Data provided Block Start

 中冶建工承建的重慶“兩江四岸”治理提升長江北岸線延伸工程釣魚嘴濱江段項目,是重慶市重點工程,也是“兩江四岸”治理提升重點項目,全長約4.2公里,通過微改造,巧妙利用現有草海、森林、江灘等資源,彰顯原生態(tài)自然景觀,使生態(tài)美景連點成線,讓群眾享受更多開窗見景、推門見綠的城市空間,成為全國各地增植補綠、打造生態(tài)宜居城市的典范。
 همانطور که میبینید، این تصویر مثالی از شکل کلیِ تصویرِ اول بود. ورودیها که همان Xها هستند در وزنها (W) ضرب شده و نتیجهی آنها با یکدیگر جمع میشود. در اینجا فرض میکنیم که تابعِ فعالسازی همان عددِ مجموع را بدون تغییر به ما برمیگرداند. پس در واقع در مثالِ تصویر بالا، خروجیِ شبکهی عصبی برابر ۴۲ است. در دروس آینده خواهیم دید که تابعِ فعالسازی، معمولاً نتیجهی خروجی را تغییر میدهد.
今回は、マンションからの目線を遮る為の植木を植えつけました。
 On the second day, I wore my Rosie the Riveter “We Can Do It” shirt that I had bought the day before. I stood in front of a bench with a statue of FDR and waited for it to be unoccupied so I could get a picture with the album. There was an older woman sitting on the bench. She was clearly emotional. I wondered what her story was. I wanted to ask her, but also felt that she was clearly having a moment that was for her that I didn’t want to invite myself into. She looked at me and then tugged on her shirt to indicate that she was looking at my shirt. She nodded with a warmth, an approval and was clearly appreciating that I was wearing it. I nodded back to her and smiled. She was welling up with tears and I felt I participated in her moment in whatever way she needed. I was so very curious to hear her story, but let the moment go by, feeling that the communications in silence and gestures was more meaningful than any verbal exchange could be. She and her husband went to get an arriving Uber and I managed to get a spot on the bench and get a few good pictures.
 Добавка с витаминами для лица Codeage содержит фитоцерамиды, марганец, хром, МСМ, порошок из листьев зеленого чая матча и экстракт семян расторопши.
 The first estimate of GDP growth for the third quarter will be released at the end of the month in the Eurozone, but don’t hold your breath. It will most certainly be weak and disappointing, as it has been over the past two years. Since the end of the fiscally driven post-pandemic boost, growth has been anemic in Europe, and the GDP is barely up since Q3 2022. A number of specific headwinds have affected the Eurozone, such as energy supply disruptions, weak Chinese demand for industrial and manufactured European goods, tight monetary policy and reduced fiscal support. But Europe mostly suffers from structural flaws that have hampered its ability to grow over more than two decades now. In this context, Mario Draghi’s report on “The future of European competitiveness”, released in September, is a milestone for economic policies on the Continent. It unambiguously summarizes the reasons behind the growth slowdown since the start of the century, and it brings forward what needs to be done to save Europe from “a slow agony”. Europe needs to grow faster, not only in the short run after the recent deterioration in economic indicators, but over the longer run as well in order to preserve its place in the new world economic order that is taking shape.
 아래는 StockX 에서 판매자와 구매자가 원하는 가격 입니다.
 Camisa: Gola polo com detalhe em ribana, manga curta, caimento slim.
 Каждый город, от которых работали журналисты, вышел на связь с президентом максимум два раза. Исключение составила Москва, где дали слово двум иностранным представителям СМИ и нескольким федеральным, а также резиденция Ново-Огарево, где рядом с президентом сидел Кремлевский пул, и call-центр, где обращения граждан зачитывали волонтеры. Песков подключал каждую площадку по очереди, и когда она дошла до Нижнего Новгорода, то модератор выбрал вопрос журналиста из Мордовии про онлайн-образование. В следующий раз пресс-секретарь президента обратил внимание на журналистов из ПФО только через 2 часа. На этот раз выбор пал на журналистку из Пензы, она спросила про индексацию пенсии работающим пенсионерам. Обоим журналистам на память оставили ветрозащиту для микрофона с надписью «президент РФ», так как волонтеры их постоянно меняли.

Data provided Block End

Prompt:
The whole listing above should be copied out exactly.

Written response:
 中冶建工承建的重慶“兩江四岸”治理提升長江北岸線延伸工程釣魚嘴濱江段項目,是重慶市重點工程,也是“兩江四岸”治理提升重點項目,全長約4.2公里,通過微改造,巧妙利用現有草海、森林、江灘等資源,彰顯原生態(tài)自然景觀,使生態(tài)美景連點成線,讓群眾享受更多開窗見景、推門見綠的城市空間,成為全國各地增植補綠、打造生態(tài)宜居城市的典范。
 همانطور که میبینید، این تصویر مثالی از شکل کلیِ تصویرِ اول بود. ورودیها که همان Xها هستند در وزنها (W) ضرب شده و نتیجهی آنها با یکدیگر جمع میشود. در اینجا فرض میکنیم که تابعِ فعالسازی همان عددِ مجموع را بدون تغییر به ما برمیگرداند. پس در واقع در مثالِ تصویر بالا، خروجیِ شبکهی عصبی برابر ۴۲ است. در دروس آینده خواهیم دید که تابعِ فعالسازی، معمولاً نتیجهی خروجی را تغییر میدهد.
今回は、マンションからの目線を遮る為の植木を植えつけました。
 On the second day, I wore my Rosie the Riveter “We Can Do It” shirt that I had bought the day before. I stood in front of a bench with a statue of FDR and waited for it to be unoccupied so I could get a picture with the album. There was an older woman sitting on the bench. She was clearly emotional. I wondered what her story was. I wanted to ask her, but also felt that she was clearly having a moment that was for her that I didn’t want to invite myself into. She looked at me and then tugged on her shirt to indicate that she was looking at my shirt. She nodded with a warmth, an approval and was clearly appreciating that I was wearing it. I nodded back to her and smiled. She was welling up with tears and I felt I participated in her moment in whatever way she needed. I was so very curious to hear her story, but let the moment go by, feeling that the communications in silence and gestures was more meaningful than any verbal exchange could be. She and her husband went to get an arriving Uber and I managed to get a spot on the bench and get a few good pictures.
 Добавка с витаминами для лица Codeage содержит фитоцерамиды, марганец, хром, МСМ, порошок из листьев зеленого чая матча и экстракт семян расторопши.
 The first estimate of GDP growth for the third quarter will be released at the end of the month in the Eurozone, but don’t hold your breath. It will most certainly be weak and disappointing, as it has been over the past two years. Since the end of the fiscally driven post-pandemic boost, growth has been anemic in Europe, and the GDP is barely up since Q3 2022. A number of specific headwinds have affected the Eurozone, such as energy supply disruptions, weak Chinese demand for industrial and manufactured European goods, tight monetary policy and reduced fiscal support. But Europe mostly suffers from structural flaws that have hampered its ability to grow over more than two decades now. In this context, Mario Draghi’s report on “The future of European competitiveness”, released in September, is a milestone for economic policies on the Continent. It unambiguously summarizes the reasons behind the growth slowdown since the start of the century, and it brings forward what needs to be done to save Europe from “a slow agony”. Europe needs to grow faster, not only in the short run after the recent deterioration in economic indicators, but over the longer run as well in order to preserve its place in the new world economic order that is taking shape.
 아래는 StockX 에서 판매자와 구매자가 원하는 가격 입니다.
 Camisa: Gola polo com detalhe em ribana, manga curta, caimento slim.
 Каждый город, от которых работали журналисты, вышел на связь с президентом максимум два раза. Исключение составила Москва, где дали слово двум иностранным представителям СМИ и нескольким федеральным, а также резиденция Ново-Огарево, где рядом с президентом сидел Кремлевский пул, и call-центр, где обращения граждан зачитывали волонтеры. Песков подключал каждую площадку по очереди, и когда она дошла до Нижнего Новгорода, то модератор выбрал вопрос журналиста из Мордовии про онлайн-образование. В следующий раз пресс-секретарь президента обратил внимание на журналистов из ПФО только через 2 часа. На этот раз выбор пал на журналистку из Пензы, она спросила про индексацию пенсии работающим пенсионерам. Обоим журналистам на память оставили ветрозащиту для микрофона с надписью «президент РФ», так как волонтеры их постоянно меняли.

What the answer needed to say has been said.